November 14, 2011
Racial prejudice and stereotyping, pay-what-you-want pricing, cross-cultural training – these are just a few of the research areas of this year's winners of the Society for Personality and Social Psychology (SPSP) annual awards. Each of the recipients has made a unique and significant contribution to understanding the individual and social factors shaping people's personalities, interactions, and behaviors.
The Society's highest awards – the Jack Block and Donald T. Campbell awards – go to Charles S. Carver of the University of Miami and John Dovidio of Yale University, respectively. Carver's research on self-regulation over the past 30 years has helped shape modern personality psychology. His work has also examined individual differences in stress and coping and, more recently, the role of certain genes in self-regulation. Dovidio's work has shed light on modern stereotyping and discrimination, in particular how contemporary forms of prejudice and discrimination are more subtle and less recognizable than traditional racism. He is currently executive officer of SPSP and past president of the Society.
The recipients of this year's Career Contribution awards are Thomas Pettigrew and Harry Triandis. Pettigrew, of the University of California, Santa Cruz, has been at the forefront of research on racial prejudice. An expert on black-white relations in the United States, he has also conducted inter-group research in Australia, Europe, and South Africa. Triandis, of the University of Illinois at Urbana-Champaign, has made significant contributions to the field of cross-cultural psychology, how human behavior and mental process differ among and between cultures. He has applied his work to design cultural training to help minority groups adjust to society.
Pay-what-you-want pricing is at the center of this year's Robert B. Cialdini Award for excellence in a published field study. Ayelet Gneezy of the Rady School of Management at University of California, San Diego, and her colleagues conducted a field study involving approximately 115,000 individuals, some of whom were informed that half of their payment of choice for a photo souvenir would go to charity. Payments were five times higher compared to other conditions, showing how corporate and charitable interests can be aligned to benefit all parties. The paper, "Shared Social Responsibility: A Field Experiment in Pay-What-You-Want Pricing and Charitable Giving,” was published with co-authors Uri Gneezy, Leif Nelson, and Amber Brown in Science in July 2010.

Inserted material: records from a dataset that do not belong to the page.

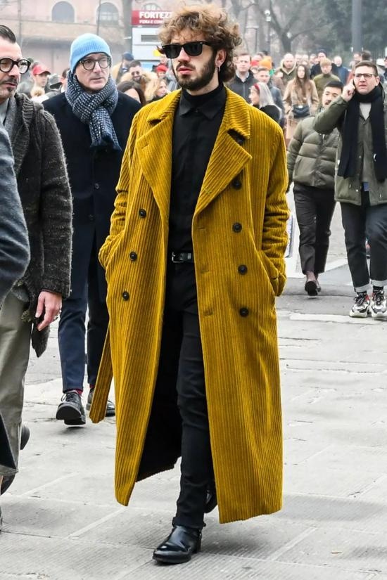如果是肤色偏白的型男,也可以考虑一下用白色内搭来和脏黄色大衣搭配一起,这时候因为白色通透感的作用效果,减弱了脏黄色复古表达,反而令黄色造型清新明亮了起来,更有新颖感。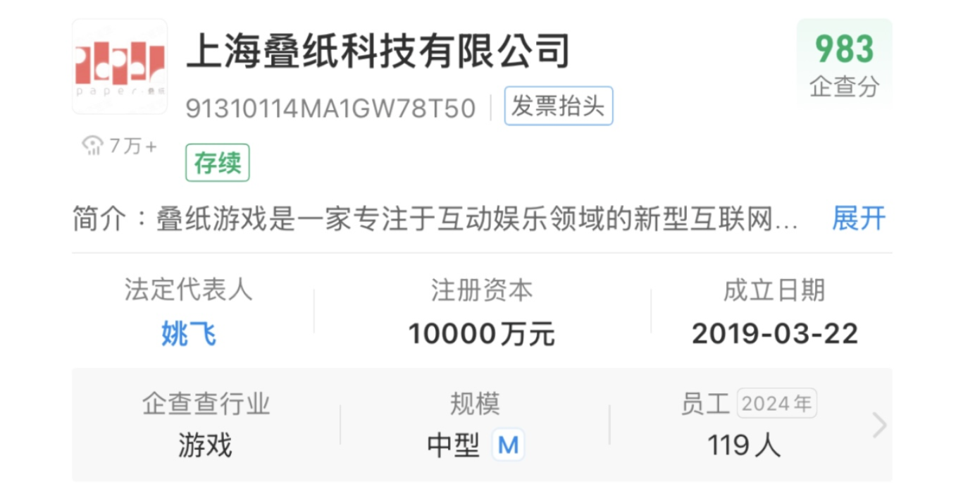 游戏陀螺获悉,企查查App显示,近日上海叠纸科技有限公司发生工商变更,姚润昊卸任该公司法定代表人、执行董事,由姚飞接任法定代表人并担任董事。公开资料显示,上海叠纸科技有限公司成立于2019年,注册资本 ....
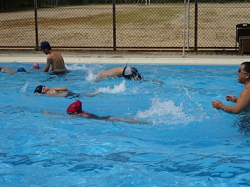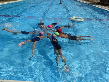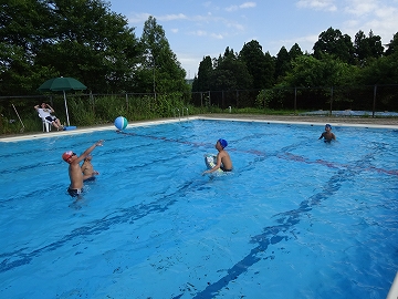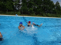 ↑ こちらは水球 水中キャッチボールです.上級生が下級生に声かけて楽しく遊んでいます.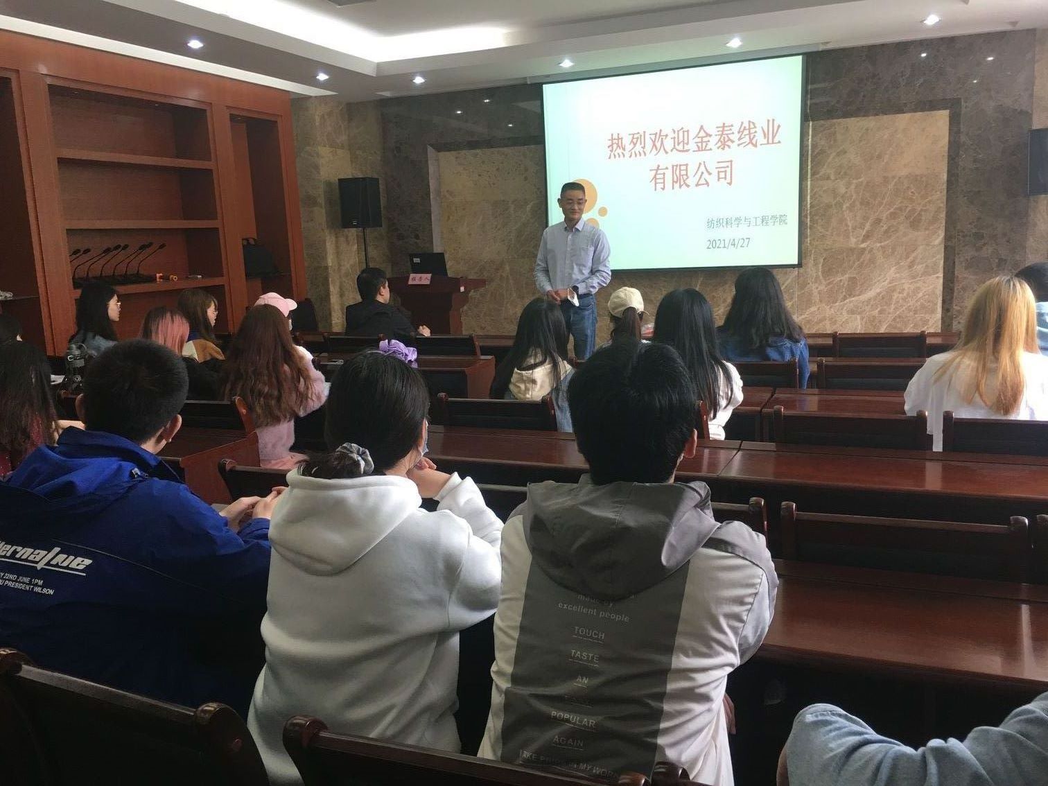 潘总经理首先向同学们详细介绍了纺纱行业的发展现状,并结合自身经验,深入分析了纺纱加工工艺和流程的未来发展和创新方向,为同学们开拓了视野,增长了见识。同时,潘总经理从企业理念、创新创造、合作共赢三个方面介绍了公司风采,展示了企业实力,使大家对个人、企业、社会这三层价值有了新的认识,开始思考和聚焦自己的未来。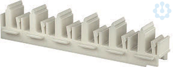 Profilverbinder horizontal mit Führungsschlitzen zum Einrasten von Konvektionsgitterprofilen für die Zusammenstellung einer kompakten Gittereinheit.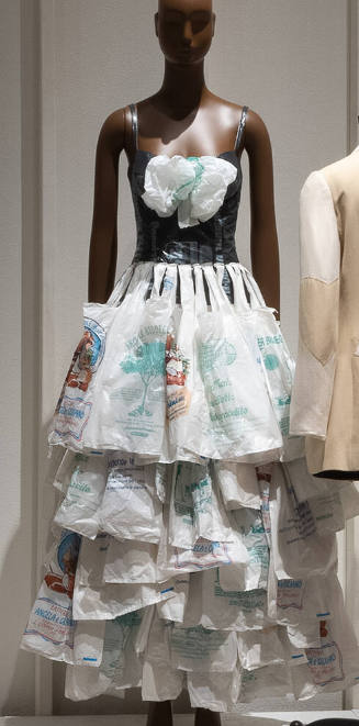 Franco Moschino (1950–1994) was as much a social commentator as he was a designer. “Fashion should be fun,” he once said, “and it should send a message.” Throughout the 1980s and into the early 1990s, he used humor and fashion as a platform to promote social awareness and to protest the materialism of the fashion industry: he once made his own version of a classic Chanel suit and in place of the familiar chain belt embroidered the words “This is a Waist of Money.” Moschino designed dresses printed with bar codes and made of garbage bags—he even designed a man’s shirt intended to resemble a straitjacket, with the slogan “For Fashion Victims Only” written on the back.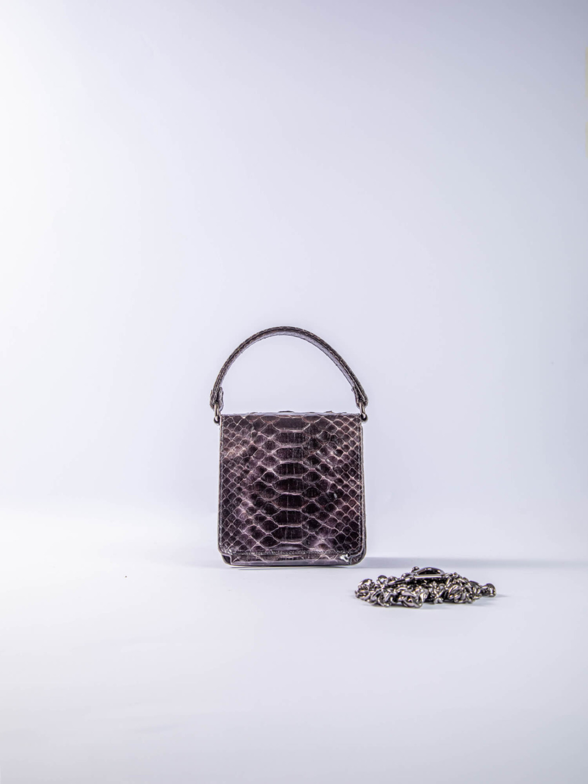 The Mini Charm Bag, designed from real python leather and vegan leather.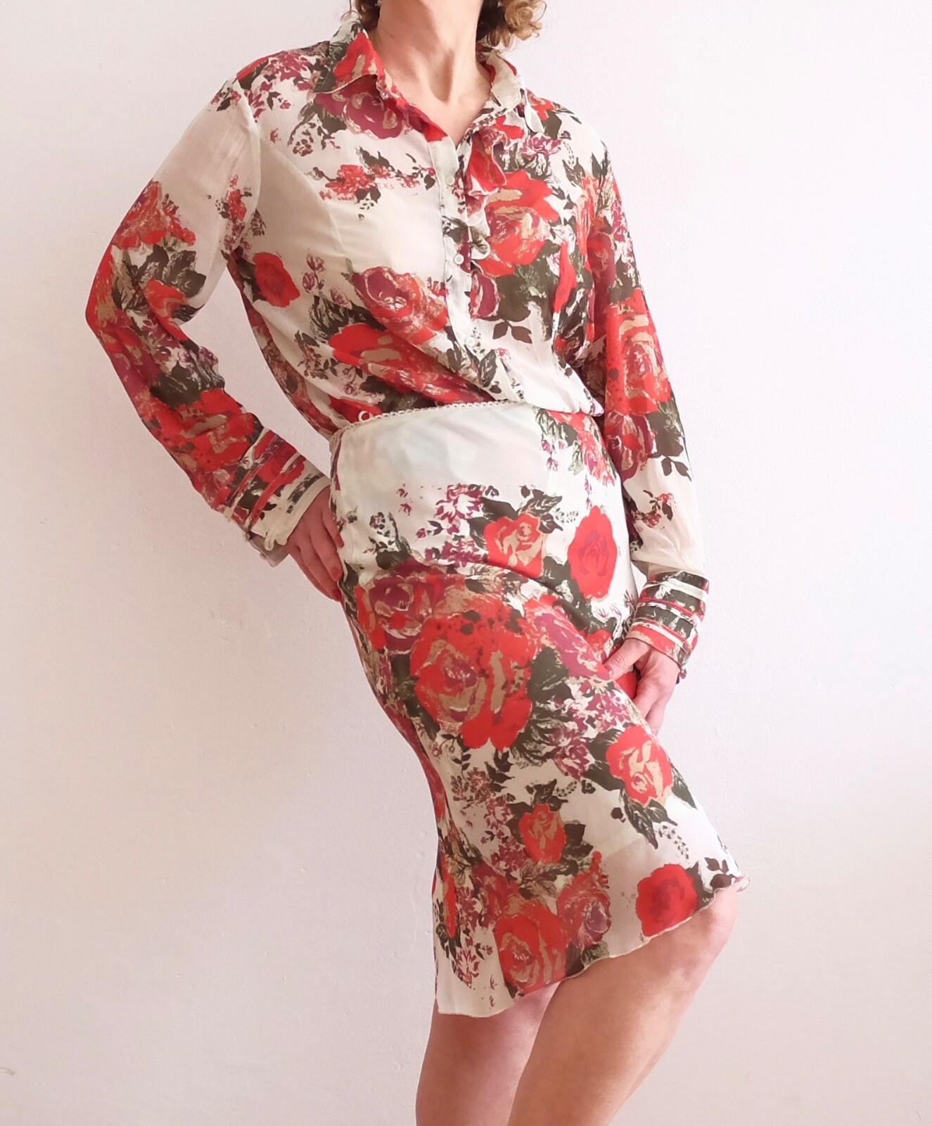 BETTY BARCLAY SPORTS Zweiteiler BLUSE UND ROCK Chiffon mit Blumenmuster weiß-rot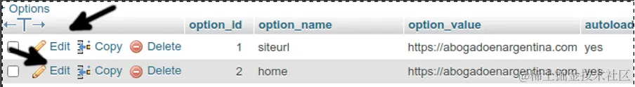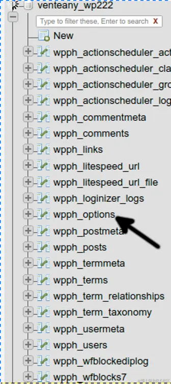 要开始,访问你的phpMyAdmin,在左边的菜单上找到 wpX_options.其中X是你的数据库标识符。按下它来显示相关的表,以改变你的URL。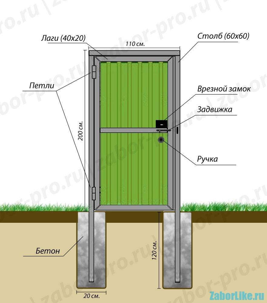 Схема калитки из профнастила с основными размерами (расположение замка).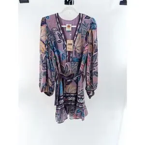 FARM Rio Wild Night Puff Sleeve V-Neck Belted Mini Dress Lavender Women's Large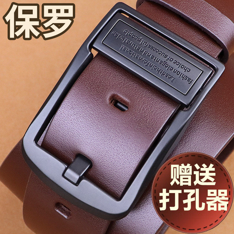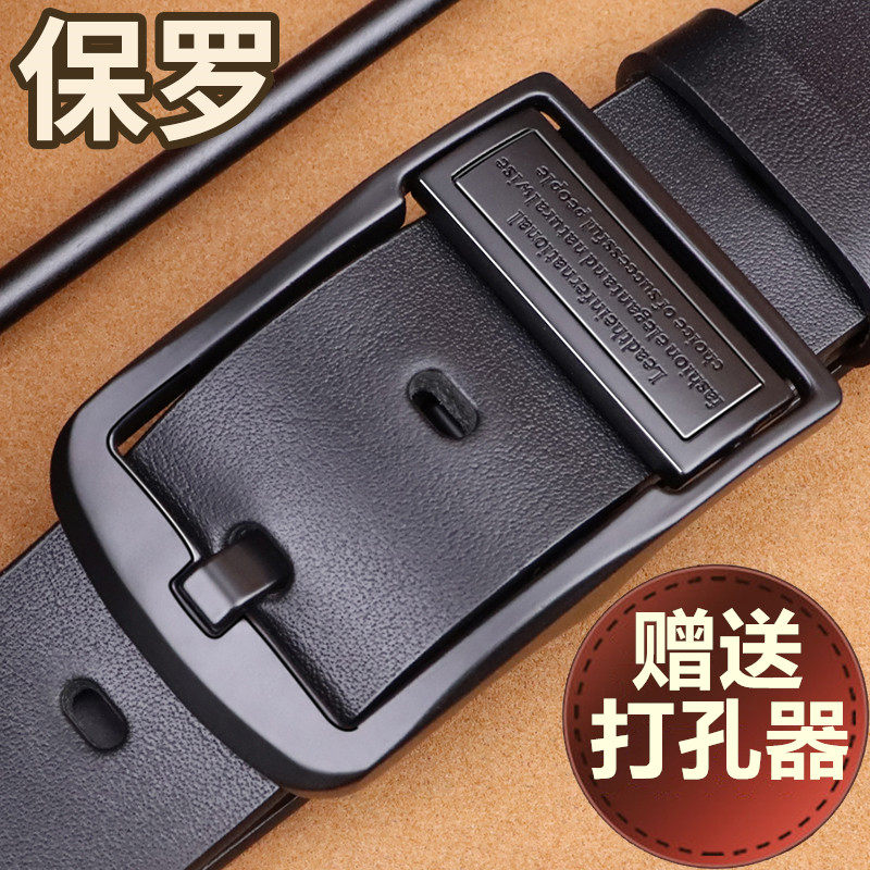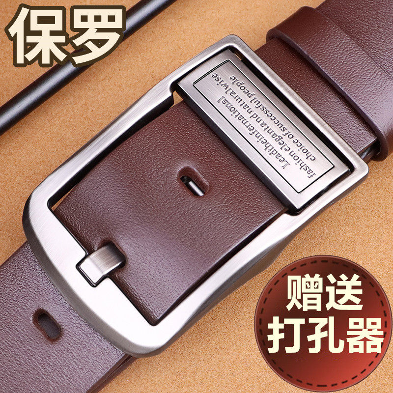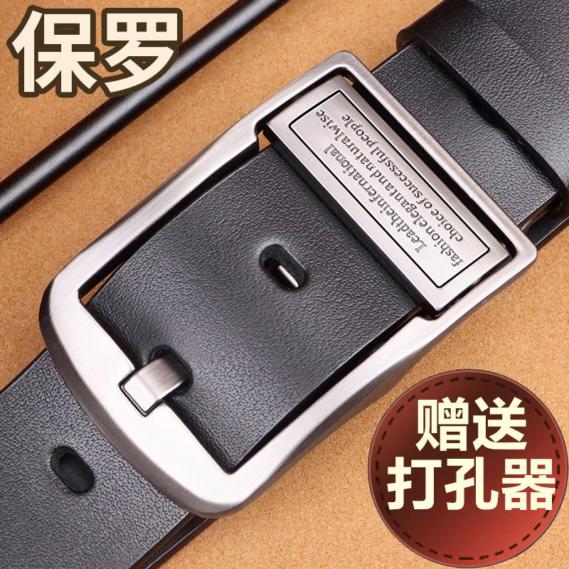 男士 带腰带 皮带双面扣头真皮针扣青年纯牛皮腰带牛皮针扣中年裤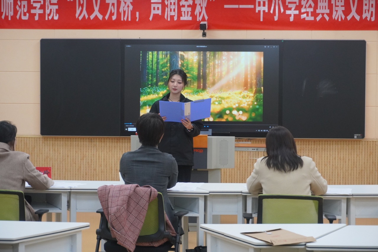 本次大赛的顺利开展,不仅为师范生提供了展示与交流的平台,更引导他们深入理解经典课文的教学价值,助力其在未来教学中更好地运用朗读技巧,激发学生对语文学习的兴趣,有利于师范专业学生提升教学基本功,涵养教育精神。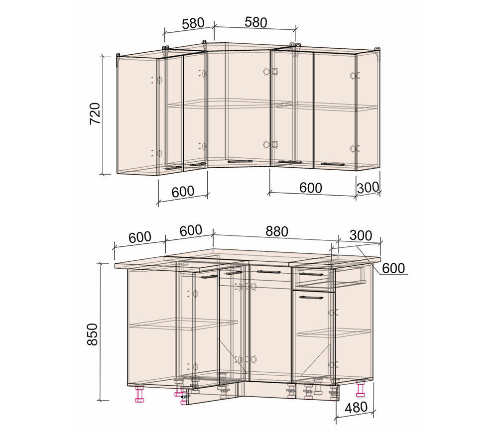 Поскольку кухня собрана модульно, шкафы все являются отдельностоящими, тем самым давая возможность их менять между собой местами. Дополнительно любой набор можно доукомплектовать шкафом под вытяжку (шириной 500мм или 600мм) и под встраиваемую духовку. Так-же в качестве хорошего завершения угловых кухонь предлагаются угловые модули НПз30 и ВПз30. Важно при заказе уточнить левые или правые. Кому необходимо больше пространства для хранения, предлагаем дополнить кухню пеналом, шириной 400мм.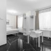 Modern studio apartment in upscale residential setting. Metro stop within walking distance. Equipped with every comfort.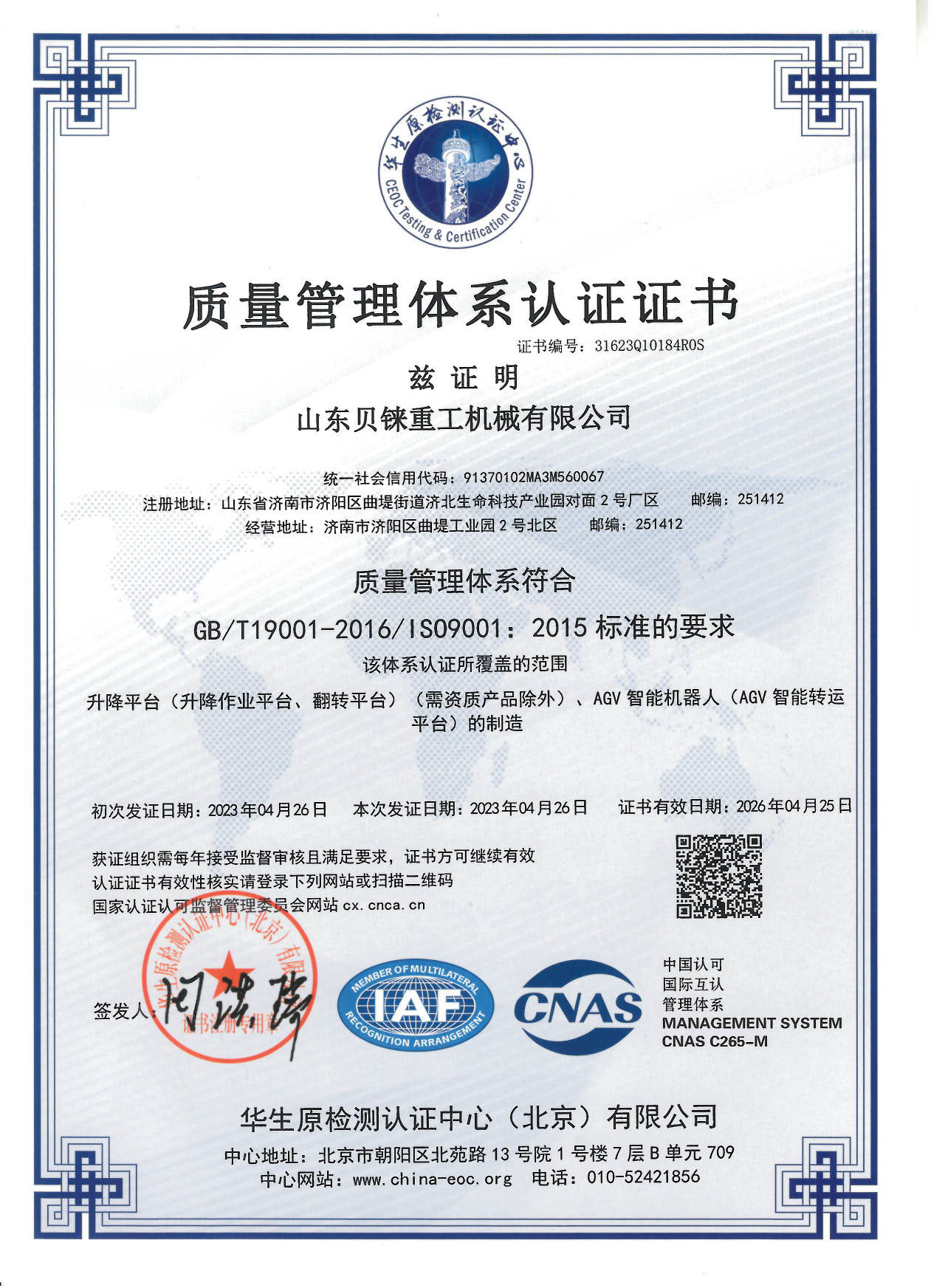• 質量體系認證書

Recipients of the Carol and Ed Diener mid-career awards in personality and social psychology are Laura King of the University of Missouri and Galen Bodenhausen of Northwestern University, respectively. Laura King studies personality development in adults, and her work on happiness and meaning of life has attracted broad interest. Galen Bodenhausen is an internationally renowned expert on the mental processes underlying social attitudes, impressions, judgments, and decisions, as well as mental illness stigma.
The 2011 Media Achievement Award goes to David Brooks for showcasing the relevance of personality and social psychology to current events through his insightful articles, columns, and books. Brooks is a columnist at the the New York Times, senior editor at The Weekly Standard, a contributing editor at Newsweek and the Atlantic Monthly, and a commentator on "The Newshour with Jim Lehrer." Winners of the 2011 Media Prize are Jon Hanson of Harvard Law School and Michael McCann of Vermont Law School for creating the Situationist, an online forum for scholars, students, lawyers, policymakers, and interested citizens to discuss the effects of situational forces on society.
The remaining SPSP awards for 2011 are as follows:
- The 2011 Murray Award: Michelle Fine of the Graduate Center - City University of New York for her extensive contributions to the study of social injustice, including working with urban youth and young adults in real-world settings.
- The 2011 SPSP Service Award for Distinguished Service to the Society: Richard Petty of Ohio State University for his varied work for SPSP, including as editor of its journal Personality and Social Psychology Bulletin, president of the Society, chair of the Publications Committee, as well as for his significant contribution in the creation of the new journal Social Psychological and Personality Science
- The 2011 SPSP Award for Distinguished Service to the Society: Mark Snyder of the University of Minnesota for his work as SPSP president and his contributions to the leadership of the Foundation for Social and Personality Psychology.
- The 2011 SPSP Award for Service on Behalf of Personality & Social Psychology: Rep. Brian Baird, former U.S. Congressman in Washington (1999-2011), for his steadfast commitment to support and defend scientific research in general, and social and personality psychology in particular.
- The 2011 Theoretical Innovation Prize: Mark Landau of the University of Kansas with co-authors Brian Meier, Lucas Keefer for their September 2010 Psychological Bulletin article entitled "A Metaphor-Enriched Social Cognition,” which examines how people come to understand the social world through the conceptual metaphors that surround them.
A ceremony at the 2012 annual SPSP meeting in San Diego, CA (Jan. 26-28) will honor all of this year's award recipients.